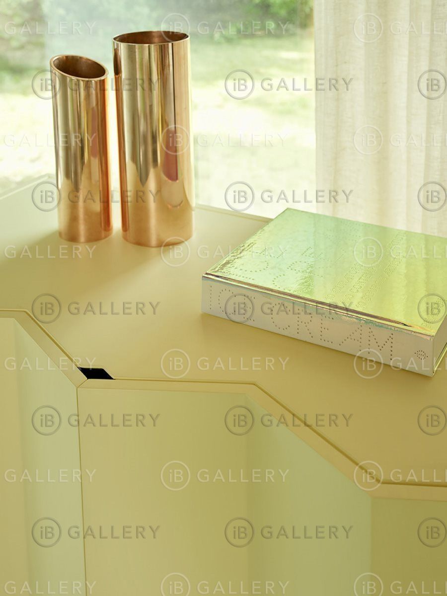 Каркас из МДФ и массива дерева, покрытый матовым лаком, доступно несколько расцветок. Регулируемые внутренние полки из закаленного зеркального стекла. По запросу в шкаф можно встроить нейтральный светодиодный источник света.
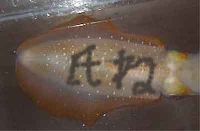 さあ、これがアオリイカだよ。→●(写真提供は大竿道の大塚さん。どうもありがとうございます)
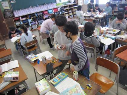 「空き缶は電気を通さないのに、表面を削ると電気を通すのが不思議」「1円玉や10円玉が電気を通すなんて意外!」と、実験しながらいろいろな不思議に出合いました。

**Problem to solve**. Each line above should be written out again unchanged; no images are to be carried over.

**Answer to the problem**.
 Каркас из МДФ и массива дерева, покрытый матовым лаком, доступно несколько расцветок. Регулируемые внутренние полки из закаленного зеркального стекла. По запросу в шкаф можно встроить нейтральный светодиодный источник света.
 さあ、これがアオリイカだよ。→●(写真提供は大竿道の大塚さん。どうもありがとうございます)
 「空き缶は電気を通さないのに、表面を削ると電気を通すのが不思議」「1円玉や10円玉が電気を通すなんて意外!」と、実験しながらいろいろな不思議に出合いました。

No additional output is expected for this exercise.